- Data excerpts
━━━━━━━━━━━━━━━━━━━━

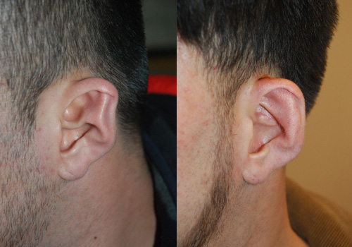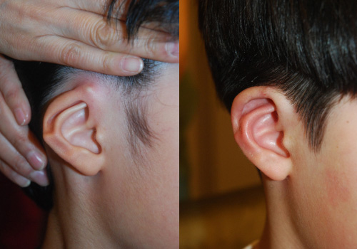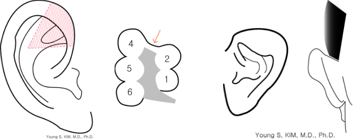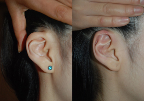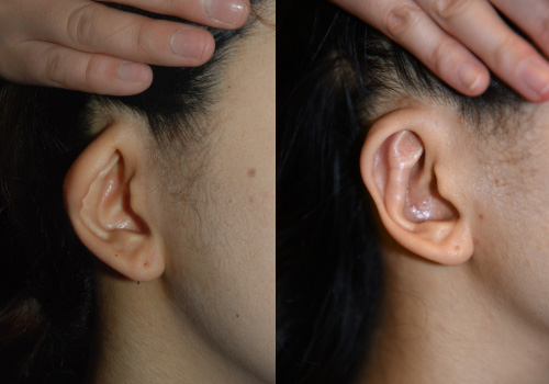 수축귀의 치료는 수축된 정도(접혀진 정도)에 따라 치료 방법이 달라지는데 접힌 정도가 심하지 않다면 접힌 귀연골을 펴지게 하여 모양을 만들면 되지만 접힌 정도가 심해서
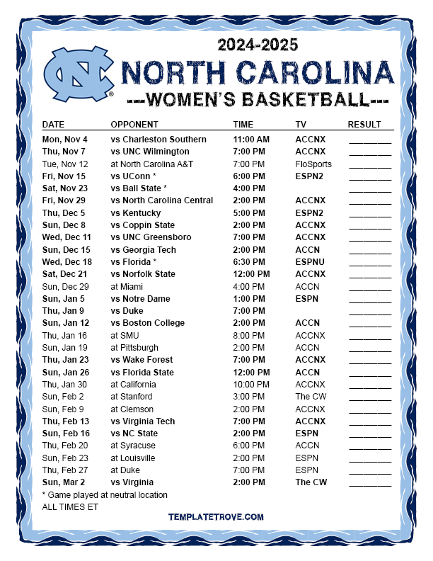 Keep up with the North Carolina Tar Heels Women's Basketball in the 2024-25 season with our
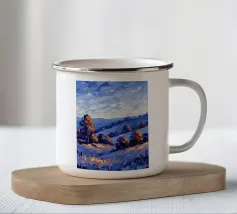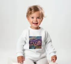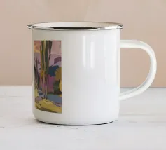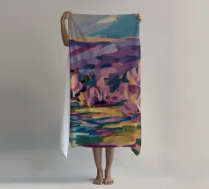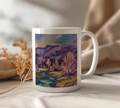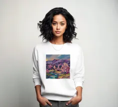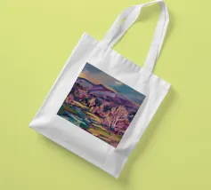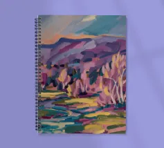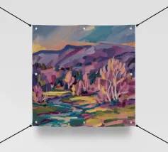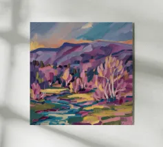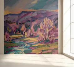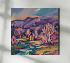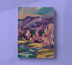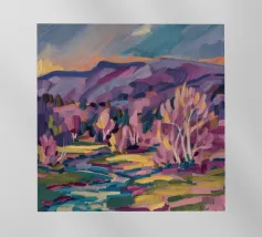 Un dipinto paesaggistico espressivo raffigura un fiume che serpeggia in una valle con alberi dalle tonalità autunnali o crepuscolari di rosa, arancione e viola, sotto un cielo drammatico e colorato, che evoca una scena lunatica e vibrante.
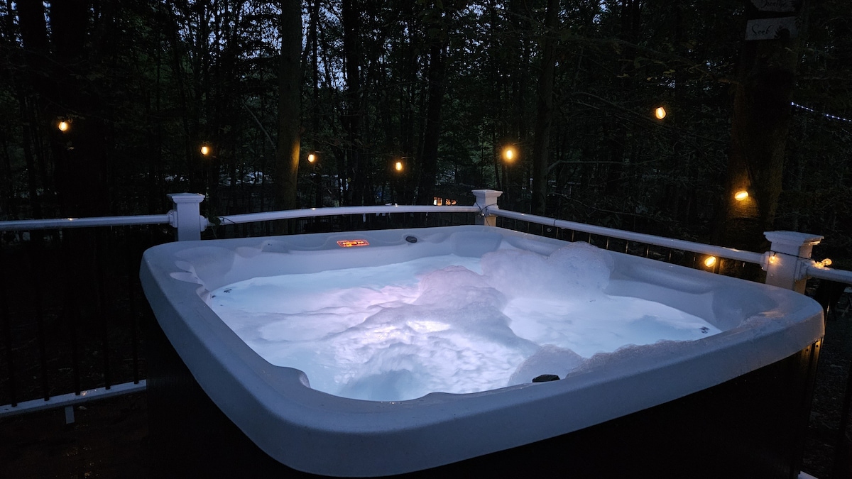 A truly unique stay in the Pocono Mountains, home to rolling mountain terrain, breathtakingly beautiful waterfalls, thriving woodlands, + 170 miles of winding river. Created with the “ultimate night in" themed experience, guests can sip wine under the stars in a private hot tub, + enjoy movies on their own 135" movie screen equipped w/ the world's first LED 4K gaming projector. Enjoy themed bedrooms and experience a stay where the forest takes you away as you stay in ultimate comfort + luxury.
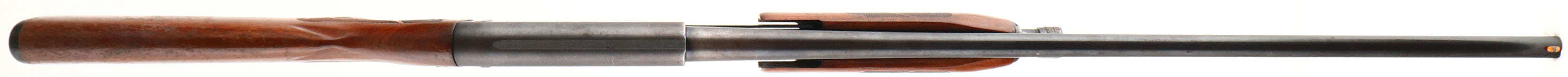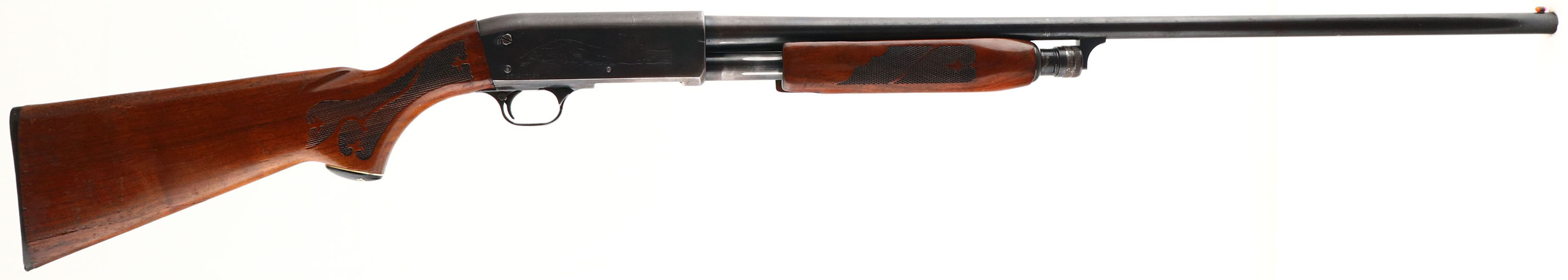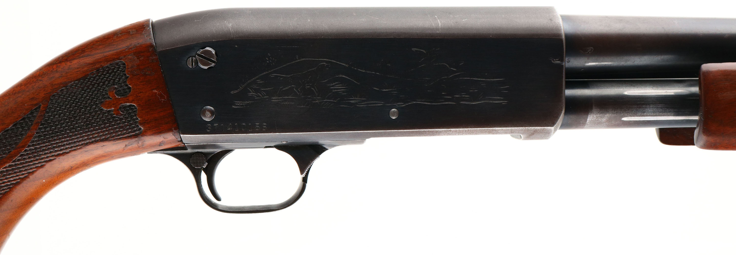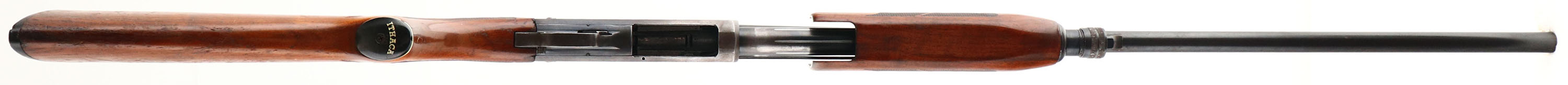 Ithaca, Model 37 Featherlight, CAL: 20 GA, MFG: 1974, SN: 371410156, Pump Action Shotgun, Choke: MOD, 2 3/4'' chamber, 28'' barrel. The original checkered & capped pistol grip wood stocks are very good & solid, however there is a 1'' x 5'' glue repaired toe break to the stock. The wood displays several scrapes, scratches & contusions to the original flaking & thinning finish. The metal blue finish rates 70% overall. All stampings, markings & engravings are clear. Bore is excellent. The barrel holds a single orange fiber optic bead sight. Buttstock carries the original plastic buttplate. 13 7/8'' LOP. FFL or C&R Req. - Value: 300 to 600

━━━━━━━━━━━━━━━━━━━━

- Aim of the task
Copy the lines from the line that contains "Un dipinto paesaggistico" through the end of the records, exactly and with nothing added; leave the pictures out.

- Answer section
 Un dipinto paesaggistico espressivo raffigura un fiume che serpeggia in una valle con alberi dalle tonalità autunnali o crepuscolari di rosa, arancione e viola, sotto un cielo drammatico e colorato, che evoca una scena lunatica e vibrante.
 A truly unique stay in the Pocono Mountains, home to rolling mountain terrain, breathtakingly beautiful waterfalls, thriving woodlands, + 170 miles of winding river. Created with the “ultimate night in" themed experience, guests can sip wine under the stars in a private hot tub, + enjoy movies on their own 135" movie screen equipped w/ the world's first LED 4K gaming projector. Enjoy themed bedrooms and experience a stay where the forest takes you away as you stay in ultimate comfort + luxury.
 Ithaca, Model 37 Featherlight, CAL: 20 GA, MFG: 1974, SN: 371410156, Pump Action Shotgun, Choke: MOD, 2 3/4'' chamber, 28'' barrel. The original checkered & capped pistol grip wood stocks are very good & solid, however there is a 1'' x 5'' glue repaired toe break to the stock. The wood displays several scrapes, scratches & contusions to the original flaking & thinning finish. The metal blue finish rates 70% overall. All stampings, markings & engravings are clear. Bore is excellent. The barrel holds a single orange fiber optic bead sight. Buttstock carries the original plastic buttplate. 13 7/8'' LOP. FFL or C&R Req. - Value: 300 to 600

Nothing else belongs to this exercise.